== SUPPLIED ENTRIES ==

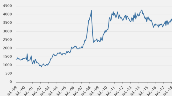
Gráfico - Evolución de los precios de exportación del sector cárnico (US$/tonelada)
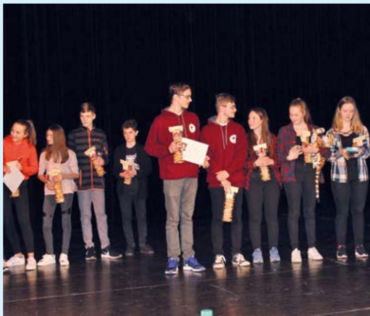
VÍTĚZOVÉ. Žáci z Bohumínské si odvezli prvenství.
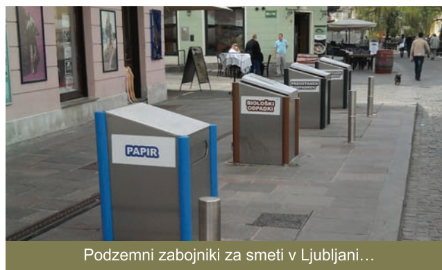
Podzemni zabojniki za smeti v Ljubljani...

Ko se sprehajam po Kopru me moti, da na večjem delu Pristaniške ulice niso urejeni niti koši za odlaganje smeti, kar je verjetno posledica pozabljivosti in površnega načrtovanja. Premalo je tudi klopi, v poletnih časih se na promenadi občuti bistveno povečana temperatura, ker palme ne dajejo nobene sence. To je težava, ki zelo pesti starejše osebe in tiste z zdravstvenimi težavami.
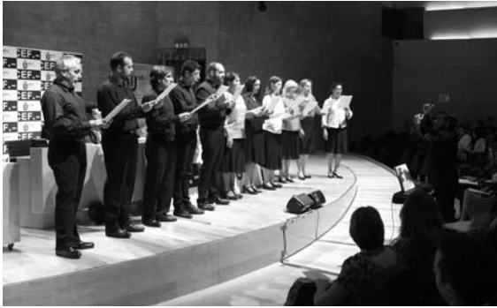
El coro interpretando compases de la zarzuela Luisa Fernanda
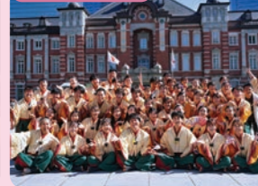
東京学生“生っ粋”とその愉快的仲間たち
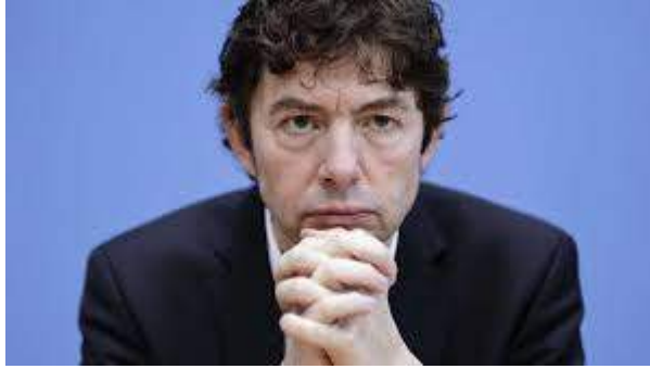
PROF. CHRISTIAN DROSTEN
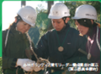
森林ボランティア青年リーダー養成講座(東京都奥多摩町)
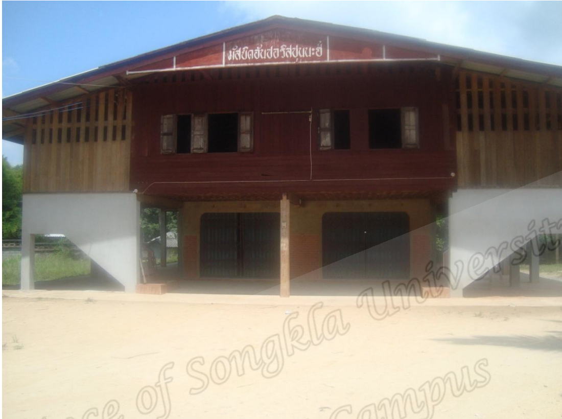
มัสยิดอับดุลอะซีซ
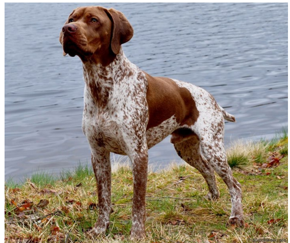
Hane av utmärkt typ.
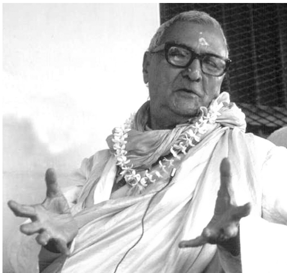
Шрила Бхакти Ракшак Шридхар Дев-Госвами Махарадж
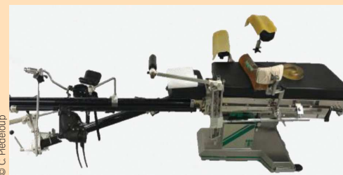
Figure 3. Table préparée pour un décubitus latéral.
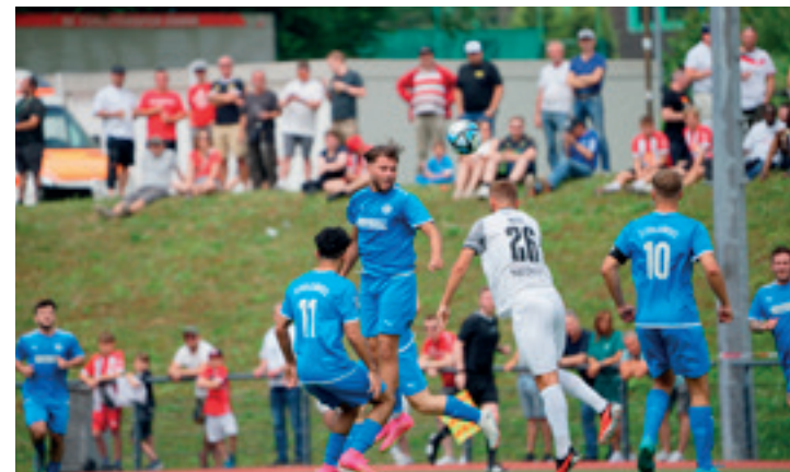
Im ersten Spiel am 29. Juni hielten die Jungs beim 0:5 gegen den Drittligisten Rot-Weiss Essen lange gut mit.

Wir haben die Partien und Ergebnisse in Bildern, die unsere Fotografen Kurt Nauroschat und Marc Pastoors „geschossen“ haben, für Euch chronologisch aufbereitet.
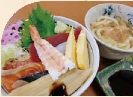
ちらし寿司 (小うどん付)
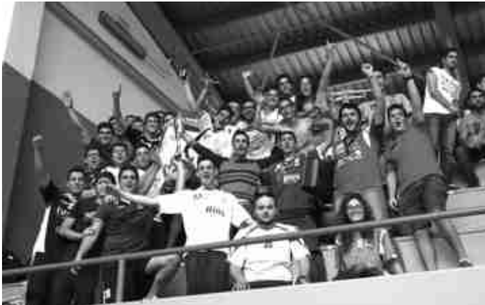
Incondicionales del Hispanitas Petrer

Hispanitas Petrer no pudo sacar provecho de su visita a Torre vieja. La salinera es una cancha difícil y aun-
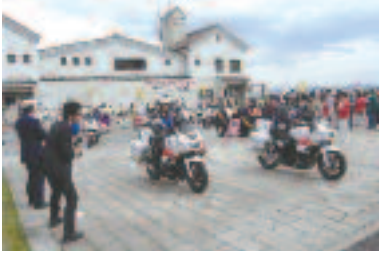
4/6 春の全国交通安全運動 オープニング式
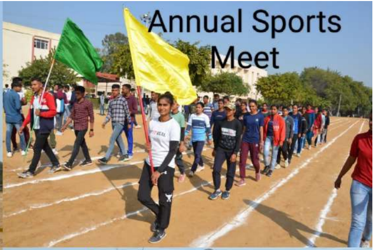
Annual Sports Meet

===

AIM OF THE EXERCISE –
In the records above, find every line with the word "Petrer" and copy it.

RESPONSE TO THIS EXERCISE –
Incondicionales del Hispanitas Petrer
Hispanitas Petrer no pudo sacar provecho de su visita a Torre vieja. La salinera es una cancha difícil y aun-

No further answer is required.